Stock Appreciation Rights (SARs)

February 7, 2024 Chris Kawashima Beginner
Learn about stock appreciation rights (SARs), including how they work, how to participate, and how they may impact your taxes.

Stock appreciation rights (SARs) are a form of equity compensation tied to your company's stock performance over a specific period. If the stock's value climbs during that preset time, you receive a portion of the increase in either cash or stock. A primary benefit of SARs is that they allow you to profit from an increase in share price without having to buy stock.

We'll cover:

  • How SARs work 
  • How SARs are taxed 
  • Cost basis and tax forms 
  • Common questions about SARs

How SARs work

Your employer will issue a grant detailing the specifics of your stock appreciation rights. The grant includes a grant date, grant price, vesting dates, and expiration date.

  • Grant date is when your employer issues you the grant. It also typically determines the market price of the award and sets the start of the vesting schedule.
  • Grant price (also known as the exercise price) typically is the market price of the stock at the grant date and is the baseline to gauge how well the stock is performing. The value of your award is based on the excess value above the grant price.
  • Vesting date is the first day when you own the award outright—either as a cash payment or as a stock award, depending on the rules of your program.
  • Exercise period is the amount of time you have to claim the value of the SARs.
  • Expiration date is the last day you can exercise your SARs.

How SARs are taxed

You aren't taxed on SARs until you exercise the value in cash or stock. Then it is taxed as ordinary income. If you receive stock after the exercise, you also will pay tax on any additional gains at the time of selling the stock.

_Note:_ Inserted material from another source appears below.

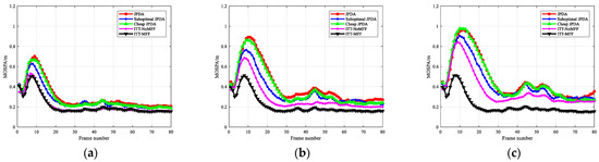 The comparison results of the algorithm’s STR in different simulation scenarios are shown in Table 4. For JPDA, suboptimal JPDA, cheap JPDA, and ITT-NoMFF, without the aid of multidimensional features, the STR decreases with an increase of clutter density. With an increase in the number of targets, the magnitude of this decline increases. Notably, when the clutter density is 10−3 and the number of targets is greater than four, the STR drops to less than 50%. However, the ITT-NoMFF algorithm is superior to cheap JPDA and suboptimal JPDA, and is basically the same as the JPDA algorithm, which verifies the validity of the distance-correction factor. Besides, the proposed ITT-MFF algorithm is robust in cluttered background due to the use of multidimensional feature fusion. Moreover, when the clutter density is 10−3, the successful tracking ratio of ITT-MFF can still be guaranteed as greater than 90%. Therefore, compared to other algorithms, ITT-MFF offers more stable tracking performance.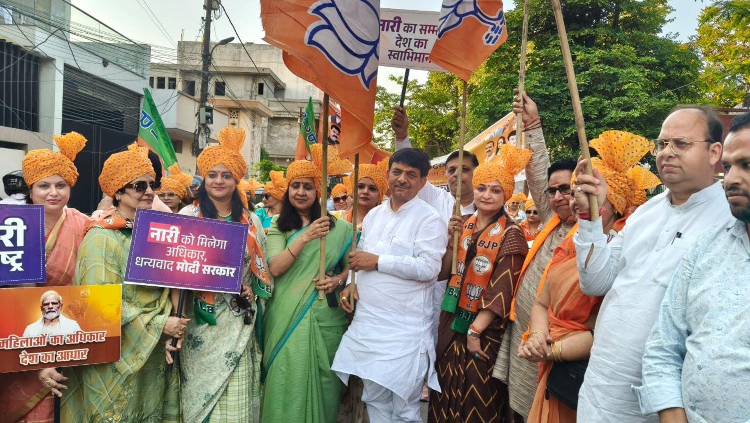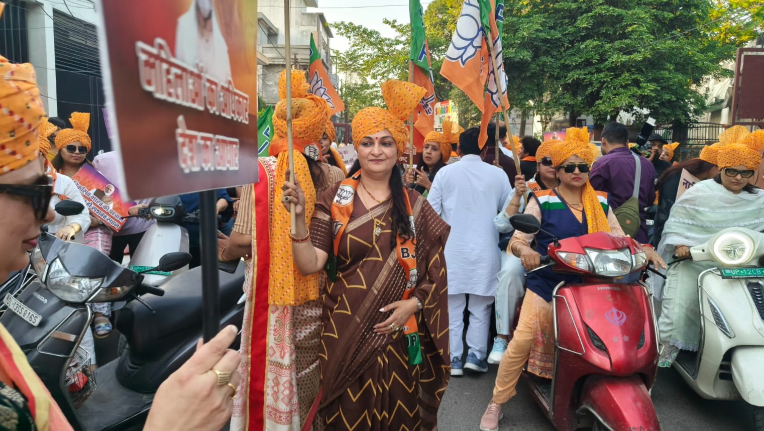 इस नारी शक्ति वंदन स्कूटी रैली में सैकड़ों की संख्या में महिलाएं सिर पर पगड़ी बांधकर स्कूटी लेकर स्कूटी वंदन रैली महिलाओं के सम्मान में निकाल रही है मंत्री कपिल देव अग्रवाल ने बताया कि महिलाओं को आरक्षण देने की पहल करते हुए प्रधानमंत्री नरेंद्र मोदी जी ने पूरे देश में इस स्कूटी वंदन रैली का आह्वान किया है नारी वंदन स्कूटी रैली में मंत्री कपिलदेव अग्रवाल,स्कूटी रैली जिला संयोजक ममता अग्रवाल, जिलाध्यक्ष सुधीर सैनी,नगरपालिका चेयरमैन मीनाक्षी स्वरूप, समाजसेविका प्रेरणा मित्तल,समाजसेविका सोनिया लूथरा ,सभासद मनी पटपटिया सहित आयोजक विशाल गोयल, सोसाइटी चेयरमैन पवन छाबड़ा, बीजेपी कार्यालय प्रभारी पिंटू त्यागी, सहित सेकडो महिला व अन्य बीजेपी नेता मौजूद रहे।

Taxes on SARs compensation

In most cases, your employer will withhold income taxes on your SARs compensation. Your employer will either hold back cash or stocks depending on the rules of your company's plan.

Taxes on stock sale

If you receive stock as SARs compensation and sell them later, you may incur a capital gain or loss depending on whether the stock value increased or decreased. If the sale price of your exercised stock exceeds your cost basis, you will be subject to capital gains tax.

If you sell shares within one year of claiming your SARs compensation, they will be subject to short-term capital gains and taxed at your income tax rate. You'll be subject to long-term capital gains if you sell after a year, and you'll be taxed at a lower rate.

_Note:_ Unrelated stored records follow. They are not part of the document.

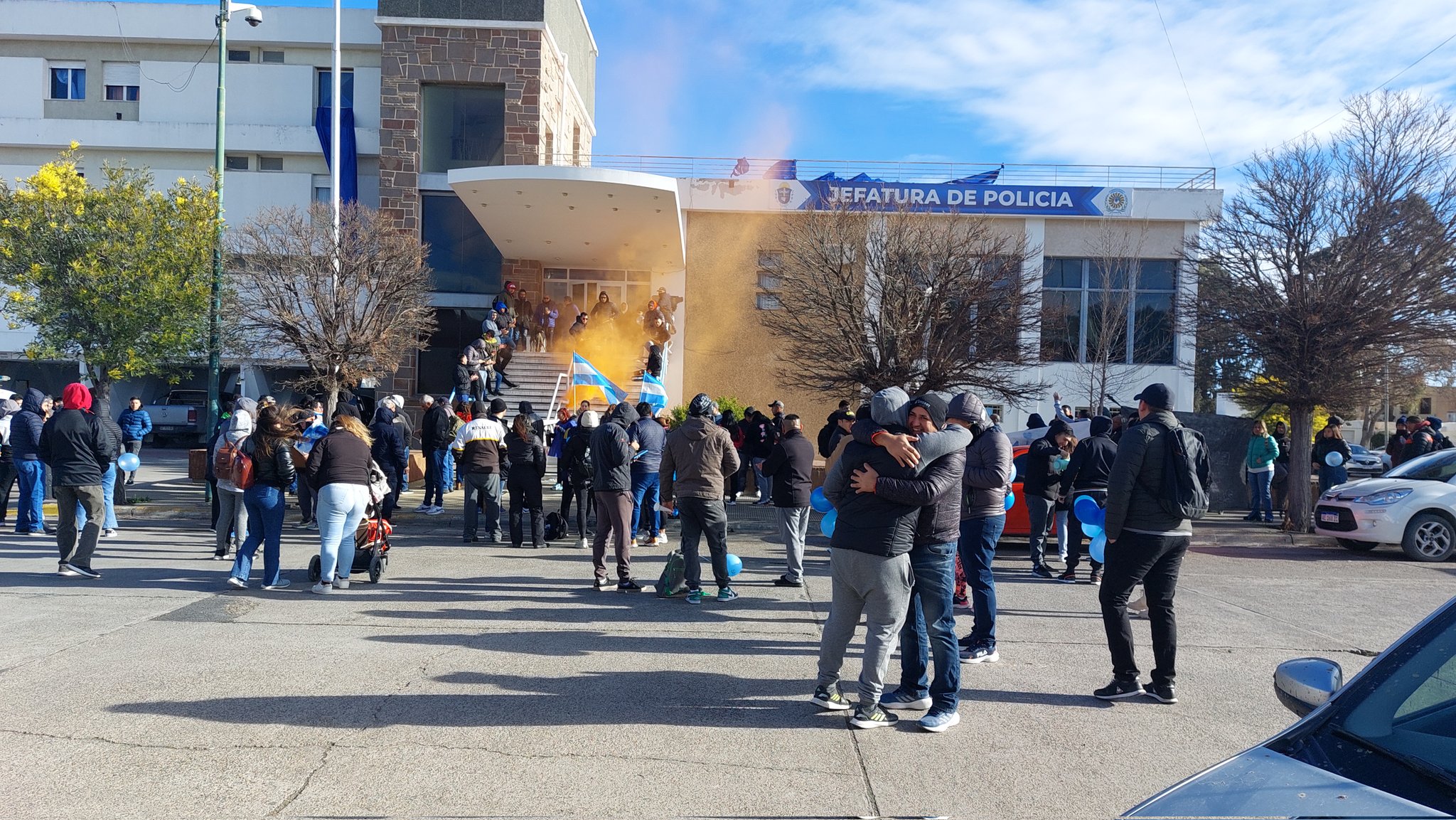 Este miércoles por la mañana personal activo y pasivo de la Policía de Chubut se manifestó frente a la Jefatura de Policía de Rawson a la espera de una reunión con el ministro de Seguridad, Miguel Castro.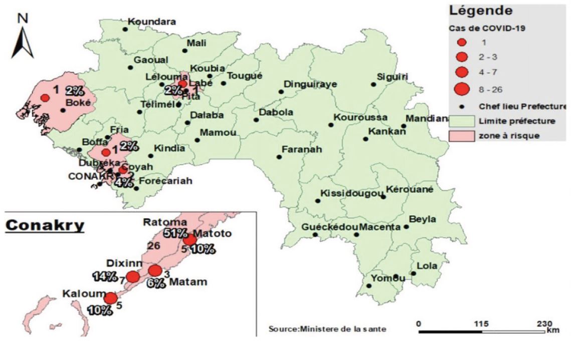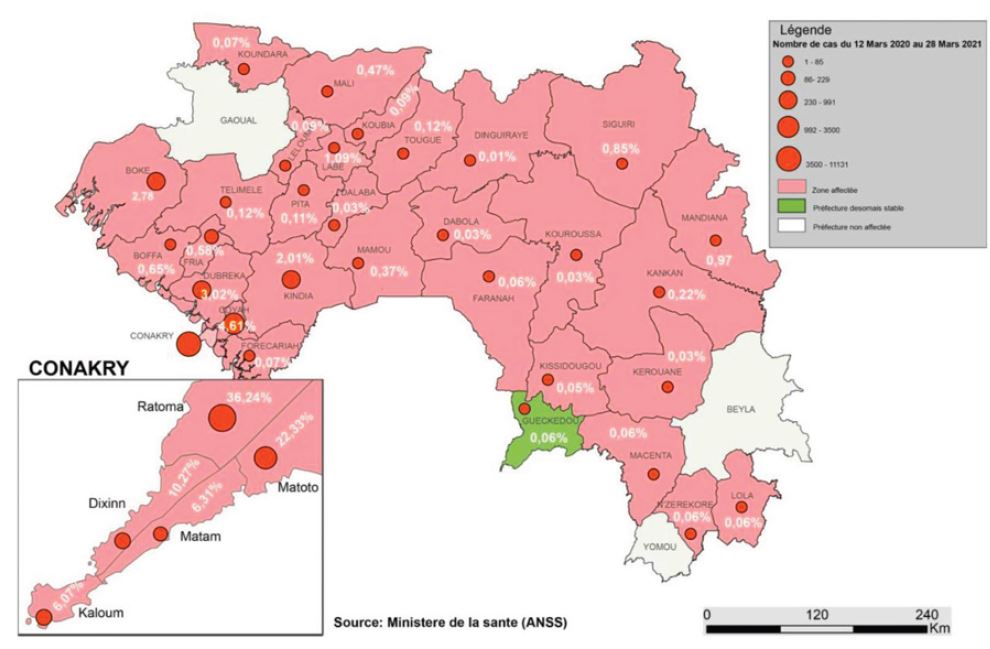 Pendant les quatre premiers mois de la survenue de la maladie, les communes de Dixinn et de Ratoma, abritant des expatriés, hauts fonctionnaires, grands commerçants et/ou hommes d’affaires, présentent les taux de contamination les plus élevés, comme le montre la carte 1. Cependant, en dépit des mesures prises et de la volonté politique affichée de contenir la diffusion du virus, l’ensemble des quartiers – aux profils socioéconomiques contrastés – de Conakry est touché, après plusieurs mois d’incursion de la maladie. Et au-delà de la capitale, la propagation s’est développée et a atteint plusieurs villes de l’intérieur du pays (carte 2). Au courant du mois de septembre 2020, les observateurs évoquent une « transmission communautaire » (MVAT/DATU et UN-Habitat , 2020) qui touche toutes les couches de la population. La diffusion du virus de la Covid-19 en Guinée est donc verticale et descendante, allant de l’élite aux couches sociales les plus populaires.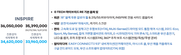 xm3는 re, inspire 두가지 트림으로 출시되었습니다. xm3 하이브리드 트림별 가격은 다음과 같습니다.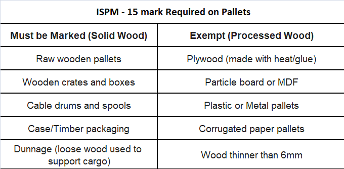 If you are exporting to a developed country using wooden pallets, they must be heat-treated and stamped with the ISPM-15 mark.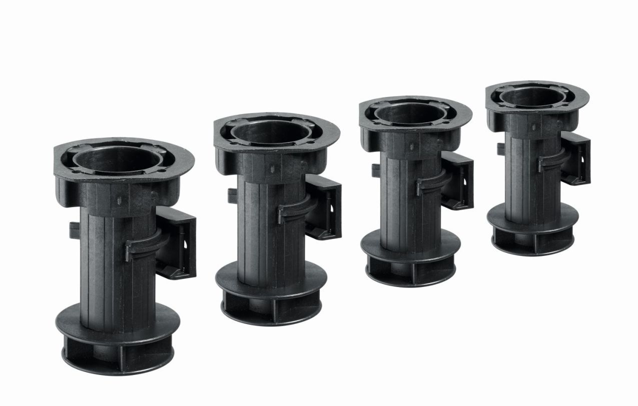 Set mit vier Kunststoff-Sockelverstellfüßen für Küchenunterschränke. Maximale Belastung von 200 kg und höhenverstellbar von 100 – 120 mm. Inkl. Klips zur Befestigung von Frontblenden.

Note: This section refers to U.S. taxation. International tax filers may have different obligations. Be sure to meet with a tax professional to discuss your specific situation.

Cost basis and tax forms

When filing your taxes, it's important to be mindful of the cost basis you report. Cost basis is the fair market value your company assigned to the shares at vesting. Using the correct cost basis helps ensure that you file correctly and aren't taxed more than the required amount. Refer to this cost basis sheet to help you determine the cost basis on your stock plan transactions so you can file your taxes accurately.

Those who sold shares will receive IRS Form 1099-B. Those who purchased shares will also receive the IRS Form 8949 from their employer.

Common questions about SARs

What happens if my company's stock is performing under the exercise price?

SARs compensation is subject to market fluctuations. You aren't able to exercise while the stock price is below its grant price. In this case, the SARs are considered "underwater," which means the current market value is less than the grant price and your SARs have no value.

How do SARs differ from stock options?

SARs and stock options are similar. Each gives you an opportunity to share in your company's financial success. However, there is one key difference. Unlike stock options, when you exercise your SARs, you don't have to pay for the original value of the award.

What happens to my SARs if I leave my company or retire?

Typically, leaving your company will trigger an acceleration of the SARs expiration, giving you a tighter timeline to exercise your award. Check your award grant with your employer.

Can I choose whether I get cash or stock?

Your employer's SARs plan dictates how you will be compensated. Check the plan rules to determine whether you will get cash, stocks, or a combination of the two.

How do I know when to exercise my SARs compensation?

You control the timing of exercising your SARs compensation. You can do it at any time during the exercise period. Remember, if your company's stock has dropped below the original grant price, you won't be able to claim the award because it has no value.